BC Treaty Advocate Elected Chair of UN Permanent Forum on Indigenous Issues | Warrior Publications

The 11th Session of the top forum for Indigenous peoples in the world began with a lurch. The sixteen-member Forum elected, by acclamation, Grand Chief Edward John to be their Chair. The announcement was made during a preliminary meeting, May 6, 2012, before the two week meeting in New York City. Hailing from Tl’azt’en (northern BC), this Chief will be familiar to anyone who has followed the machinations of the BC treaty process over the last twenty years: John was the founding Chair of the First Nations Summit, an organization formed to “represent First Nations” involved with the BC Treaty Commission (BCTC).

Perhaps, in 1992, the election of a man affiliated with this Summit to Chair the Permanent Forum on Indigenous Issues – understood to be advancing the cause of self-determination, land rights, and everything else contained in the Declaration on the Rights of Indigenous Peoples, would not be an obvious contradiction in terms. However, twenty years later, after the ratification of two extinguishment treaties in that process, this election must be a point of confusion.

When Nisga’a ratified an agreement with British Columbia and Canada in 2000, they released the Nisga’a claim to 100 per cent of their traditional territory in exchange for about 8 per cent of the land back, in Fee Simple Title and with BC holding the underlying title. No alarm bells were rung by Chief John. Every First Nation in BC was watching that process very closely, as they believed, rightly, that future negotiations in the BC treaty process would follow the Nisga’a template.

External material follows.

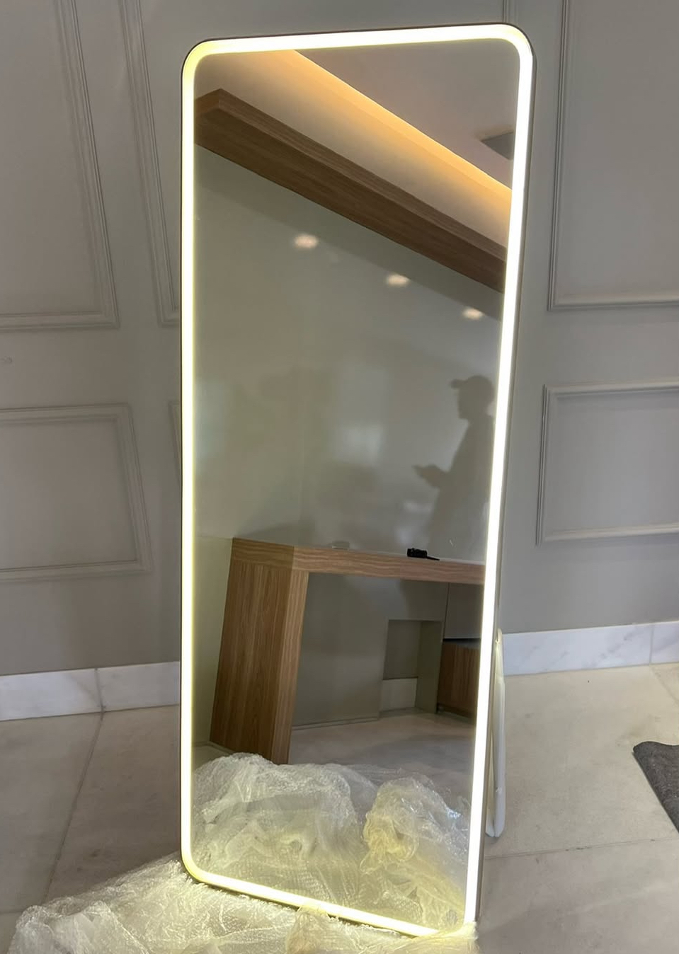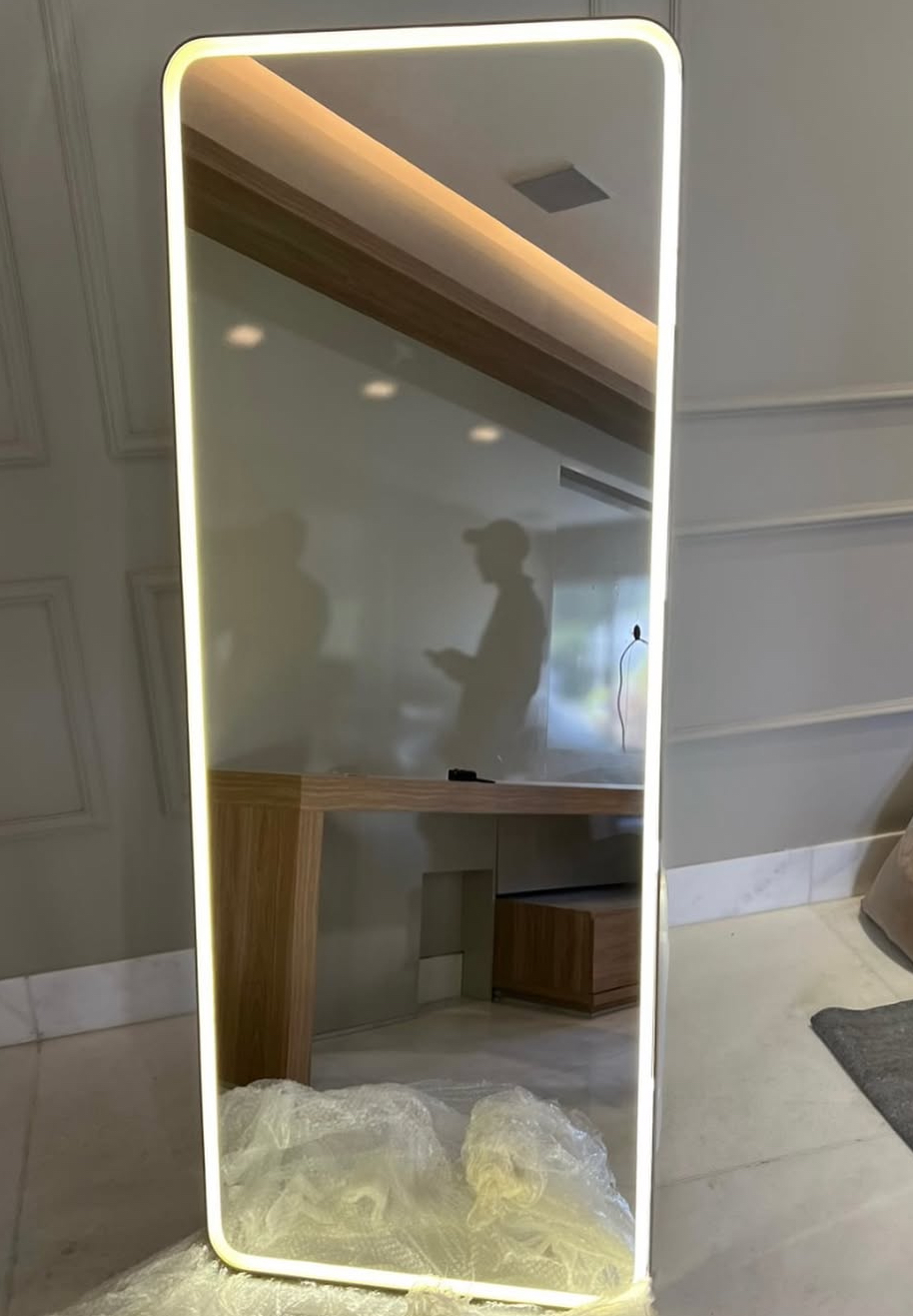 Modelo Dream frontled cantos copos Espelho frontled com cavalete de sustentação .(esse modelo possui também a opção de encostar e de pendurar na parede). Todo em aço carbono com pintura eletrostática. Criação exclusiva! Pode ser customizado…cor da moldura,cor do led e medidas.

When, in 2007, Tsawwassen became the first Indigenous people to ratify a Final Agreement produced in the BC Treaty Commission, the text of that document stated:

Tsawwassen First Nation releases Canada, British Columbia and all other persons from all claims, demands, actions, or proceedings, of whatever kind, and whether known or unknown, that the Tsawwassen First Nation ever had, now has or may have in the future, relating to or arising from any act, or omission, before the effective date that may have affected or infringed any aboriginal rights, including aboriginal title, in Canada of the Tsawwassen First Nation.

This clause is also to be found in the Nisga’a Agreement. It is a surrender, rather than the basis of continuing nation-to-nation relations. Tsawwassen made these concessions for a settlement of less than 1 per cent of their traditional territory, held in Fee Simple. The total cash value of the deal was $33.6 million plus self-government funding of $2.9 million annually over the first five years of the treaty – according to government press releases.

Perhaps Chief John takes a leaf out of then-Indian Affairs Minister Chuck Strahl’s book, who declared at the time, “Who am I to say if it’s a good deal or not?”

John is still the Chair of the First Nations Summit today.

Maa-nulth agreed to the same releases when it ratified a Final Agreement in this process later in 2007. Other identical provisions in all three Agreements include the release of Indian Status, including tax-free status; the “modification” (extinguishment) of their aboriginal rights to be only those rights exhaustively defined in the Agreements; the dissolution of the Indian Band; and the termination of Indian Reserve lands: “Fee Simple Lands are not ‘lands reserved for the Indians’ within the meaning of the Constitution Act, 1867, and are not ‘reserves’ as defined in the Indian Act.”